What is required: Please restate exactly the lines from the one holding "- מברשת אסלה, דיספנסר" to the end of the material, including both ends and excluding every picture.

Information supplied:

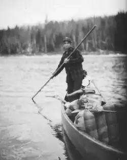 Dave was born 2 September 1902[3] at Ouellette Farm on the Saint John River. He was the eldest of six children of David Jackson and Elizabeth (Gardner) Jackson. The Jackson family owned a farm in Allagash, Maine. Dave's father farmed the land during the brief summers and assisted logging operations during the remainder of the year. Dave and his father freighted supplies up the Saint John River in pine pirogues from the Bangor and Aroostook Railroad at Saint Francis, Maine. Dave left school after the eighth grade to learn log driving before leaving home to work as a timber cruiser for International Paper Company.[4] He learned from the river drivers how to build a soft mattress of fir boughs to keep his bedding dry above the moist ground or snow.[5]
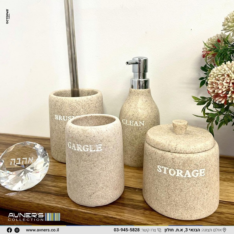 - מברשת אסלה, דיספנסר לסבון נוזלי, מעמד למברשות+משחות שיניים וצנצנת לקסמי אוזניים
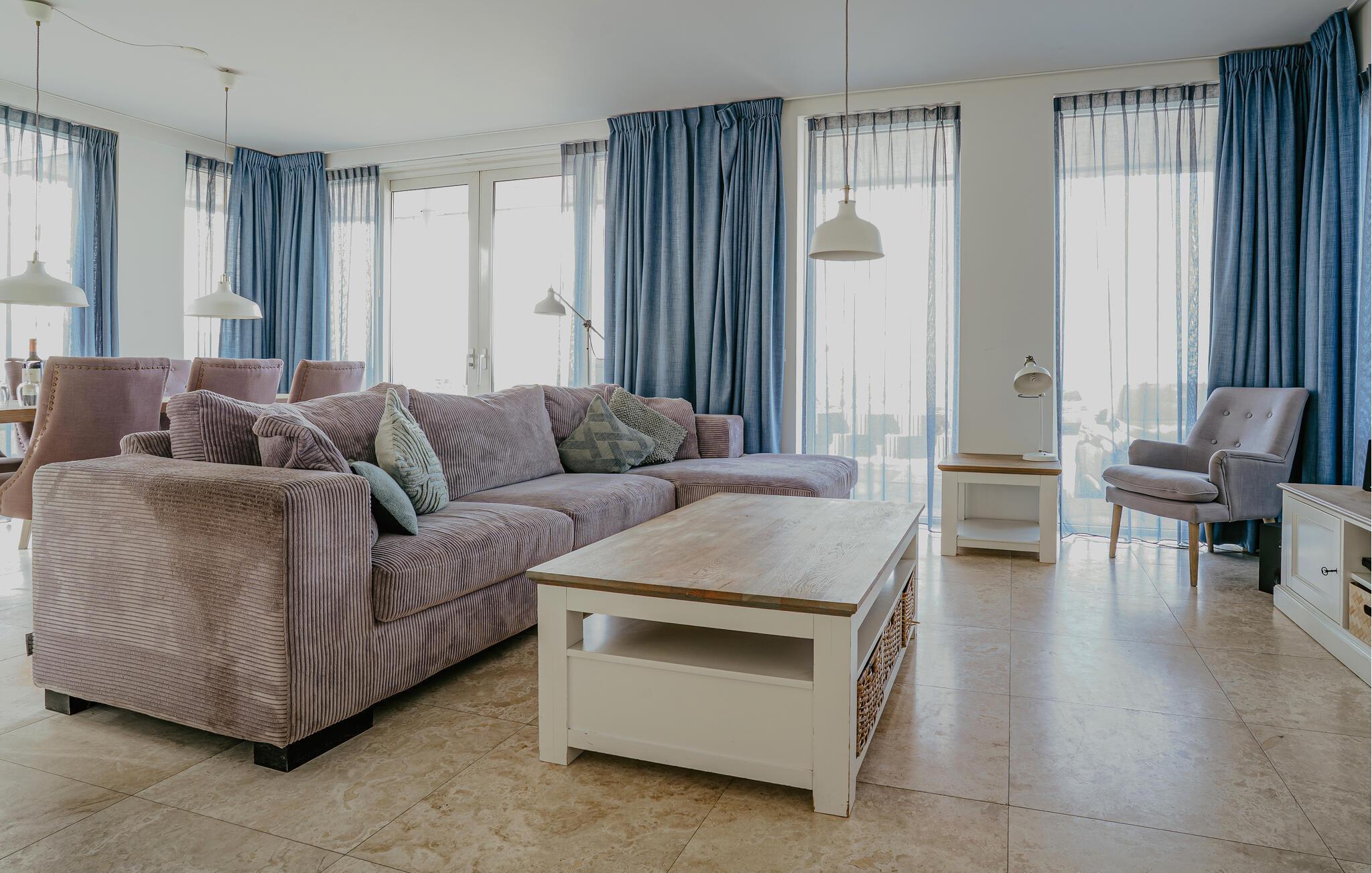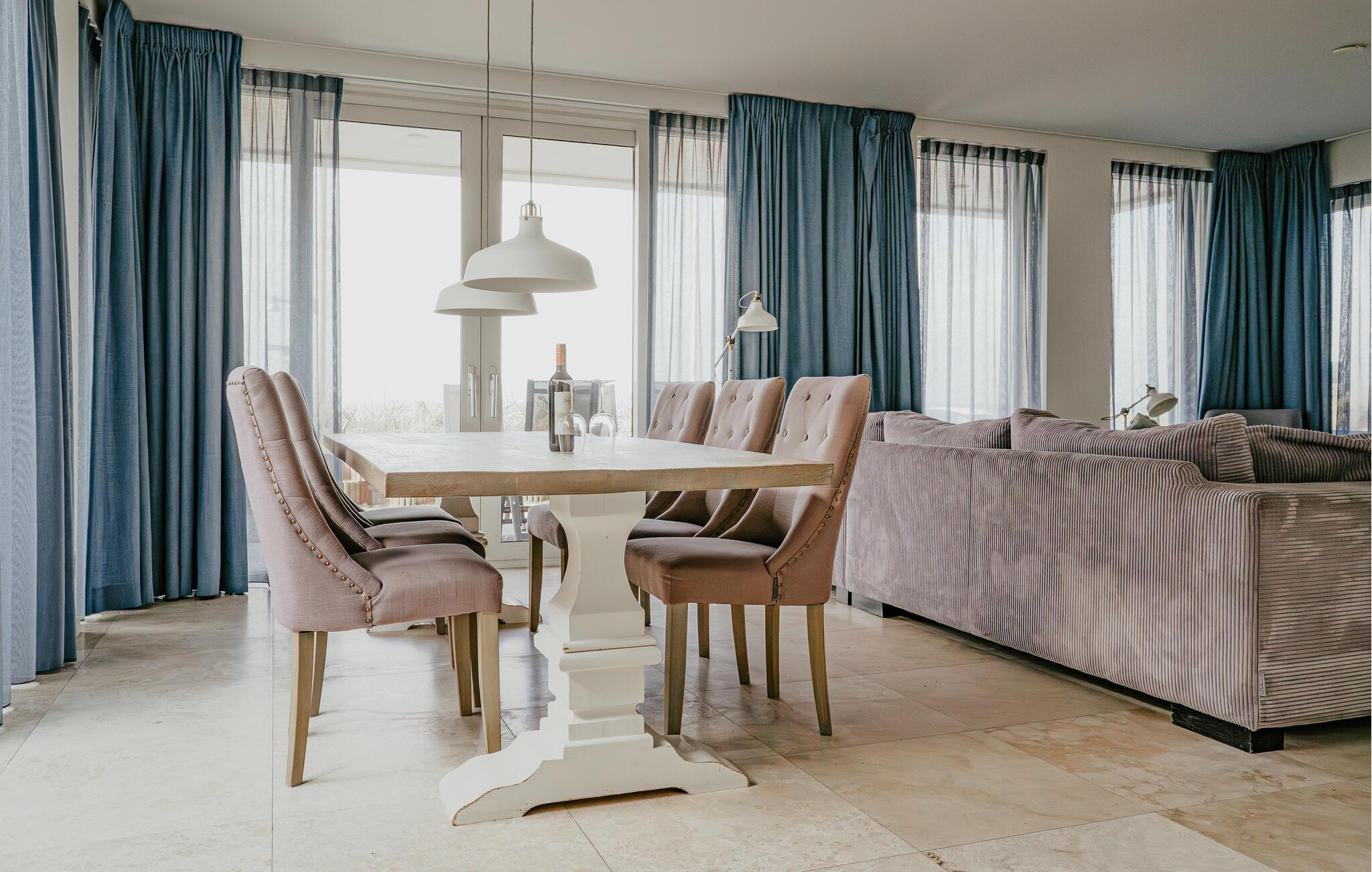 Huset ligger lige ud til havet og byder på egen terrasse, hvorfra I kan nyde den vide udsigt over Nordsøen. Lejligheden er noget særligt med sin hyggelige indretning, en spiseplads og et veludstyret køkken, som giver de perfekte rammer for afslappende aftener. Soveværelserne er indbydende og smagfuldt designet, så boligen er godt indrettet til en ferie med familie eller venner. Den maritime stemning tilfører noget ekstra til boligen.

Written response:
 - מברשת אסלה, דיספנסר לסבון נוזלי, מעמד למברשות+משחות שיניים וצנצנת לקסמי אוזניים
 Huset ligger lige ud til havet og byder på egen terrasse, hvorfra I kan nyde den vide udsigt over Nordsøen. Lejligheden er noget særligt med sin hyggelige indretning, en spiseplads og et veludstyret køkken, som giver de perfekte rammer for afslappende aftener. Soveværelserne er indbydende og smagfuldt designet, så boligen er godt indrettet til en ferie med familie eller venner. Den maritime stemning tilfører noget ekstra til boligen.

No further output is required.